Many real world applications of deep learning networks have memory constraints. For example, a large neural network might not fit in the memory of a small mobile device. Therefore, it is often important to be able to reduce the size of a network while retaining a high level of accuracy. Knowledge distillation is one approach to achieve this. This technique, proposed by Hinton et al [1], consists in using a large and accurate teacher network to teach a smaller student network to make accurate predictions. For more details see the section Knowledge Distillation Loss Function.

In this example you:

Load a data set of digit images for training, validation and testing.
Define and train a large convolutional teacher network.
Define and train a small convolutional student network using the standard cross-entropy loss.
Train a copy of the same convolutional student network using the knowledge distillation loss.
Compare the classification accuracy and size of the three networks.

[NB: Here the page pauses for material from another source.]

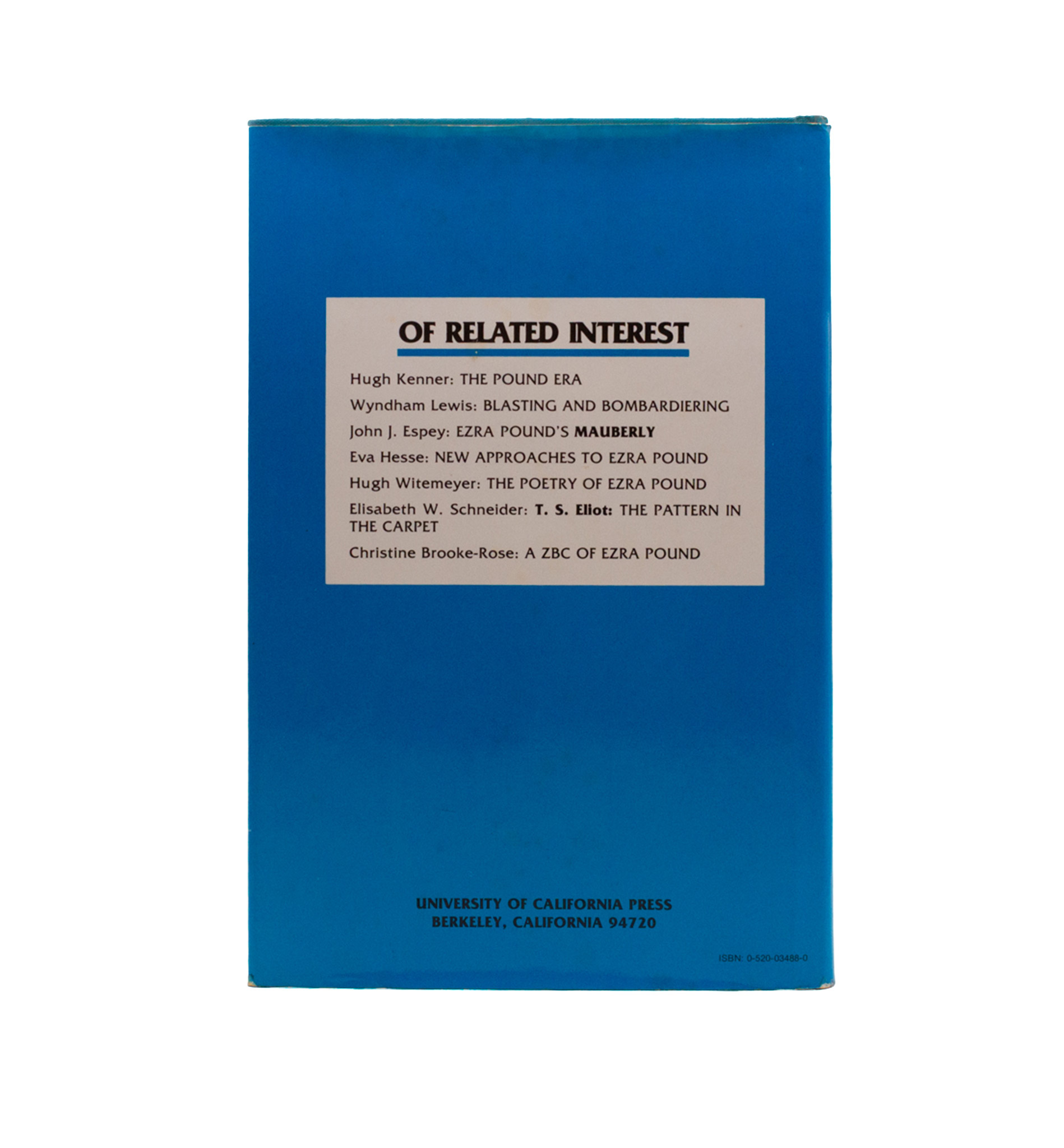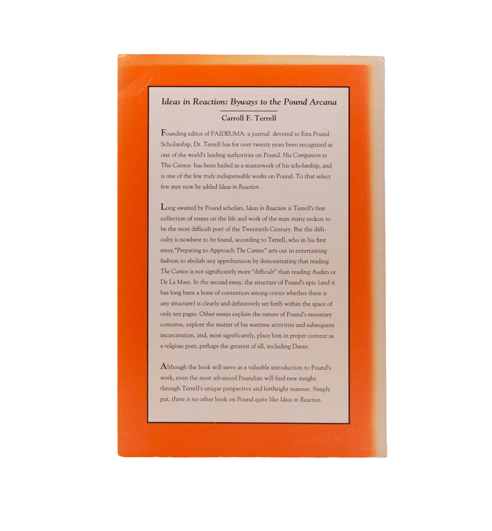 A set of essays by the great annotator on The Cantos. A chapter on “The Structure of The Cantos” presents venn-diagrams, wheels within wheels, traingles, and tetraktys arrangements for the China and Adams Cantos; the book not, however, including Forrest Read’s ’76 in its bibliography. Further essays on “Pound vs. Reductionist Orthodoxies,” “Debt-Free Money,” “The Divine Mystery,” a seminar-conversation student to expert, a review of EP and DS: Their Letters, Pound-Joyce, Pound and his silence, madness vs treason. First edition, lightly read with the top corner gently leafed; sunning to spine spilling over onto covers.

The chart below compares the accuracy of the three networks trained in this example and shows the large reduction in learnable parameters of the student architecture. You can see how the student network that was trained using knowledge distillation achieves significantly higher accuracy than the student network trained using the standard cross-entropy loss.

Load Training Data

Load the digits data as an image datastore using the imageDatastore function and specify the folder containing the image data.

unzip("DigitsData.zip")

imds = imageDatastore("DigitsData", ... IncludeSubfolders=true, ... LabelSource="foldernames");

Partition the data into training, testing, and validation sets. Allocate 60% of the data for training, 20% for testing, and 20% for validation using the splitEachLabel function.

[imdsTrain,imdsTest,imdsValidation] = splitEachLabel(imds,0.6,0.2,"randomize");

The network used in this example requires input images of size 28-by-28-by-1. To automatically resize the training images, use an augmented image datastore. Specify additional augmentation operations to perform on the training images: randomly translate the images up to 5 pixels in the horizontal and vertical axes. Data augmentation helps prevent the network from overfitting and memorizing the exact details of the training images.

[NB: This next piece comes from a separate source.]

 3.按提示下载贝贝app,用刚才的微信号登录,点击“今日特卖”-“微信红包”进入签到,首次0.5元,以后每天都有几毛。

inputSize = [28 28 1]; pixelRange = [-5 5];

imageAugmenter = imageDataAugmenter( ... RandXTranslation=pixelRange, ... RandYTranslation=pixelRange);

augimdsTrain = augmentedImageDatastore(inputSize(1:2),imdsTrain,DataAugmentation=imageAugmenter);

To automatically resize the testing and validation images without performing further data augmentation, use augmented image datastores without specifying any additional preprocessing operations.

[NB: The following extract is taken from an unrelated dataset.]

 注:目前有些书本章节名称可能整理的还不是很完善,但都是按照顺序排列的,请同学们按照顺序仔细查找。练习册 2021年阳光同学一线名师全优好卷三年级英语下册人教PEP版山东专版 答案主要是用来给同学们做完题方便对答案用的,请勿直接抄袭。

augimdsTest = augmentedImageDatastore(inputSize(1:2),imdsTest); augimdsValidation = augmentedImageDatastore(inputSize(1:2),imdsValidation);

Determine the number of classes in the training data.

classes = categories(imdsTrain.Labels); numClasses = numel(classes);

Define Teacher Network

Define the teacher network.

For image input, specify an image input layer with input size matching the training data.
Specify three convolution-batchnorm-ReLU blocks.
Pad the input to the convolution layers such that the output has the same size by setting the Padding option to "same".
The first convolution layer has 32 filters, the second one 64 and the last one 128.
Include max pooling layers to downsample the spatial dimension and improve shift invariance.
Include a global average pooling layer before the last fully connected layer to downsample the spatial dimension to one.
For classification, specify a fully connected layer with size matching the number of classes.
To convert the output to a probability distribution, use a softmax layer.

layersTeacher = [ imageInputLayer(inputSize)

convolution2dLayer(3,32,Padding="same")
batchNormalizationLayer
reluLayer
    
maxPooling2dLayer(2, Stride=2)

convolution2dLayer(3,64,Padding="same")
batchNormalizationLayer
reluLayer

maxPooling2dLayer(2, Stride=2)

convolution2dLayer(3,128,Padding="same")
batchNormalizationLayer
reluLayer

globalAveragePooling2dLayer

fullyConnectedLayer(numClasses)
softmaxLayer];

Create a dlnetwork object from the layer array.

netTeacher = dlnetwork(layersTeacher)

netTeacher = dlnetwork with properties:

     Layers: [15×1 nnet.cnn.layer.Layer]
Connections: [14×2 table]
 Learnables: [14×3 table]
      State: [6×3 table]
 InputNames: {'imageinput'}
OutputNames: {'softmax'}
Initialized: 1

View summary with summary.

Define Student Network

Define the student network as a smaller similar version of the teacher model.

To do this, reduce the number of convolution-batchnorm-ReLU blocks as well as the number of filters in convolutional layers.

For image input, specify an image input layer with input size matching the training data.
Specify two convolution-batchnorm-ReLU blocks.
Pad the input to the convolution layers such that the output has the same size by setting the Padding option to "same".
The first convolution layer has 8 filters and the second one 16.
Include max pooling layers to downsample the spatial dimension and improve shift invariance.
Include a global average pooling layer before the last fully connected layer to downsample the spatial dimension to one.
For classification, specify a fully connected layer with size matching the number of classes.
To convert the output to a probability distribution, use a softmax layer.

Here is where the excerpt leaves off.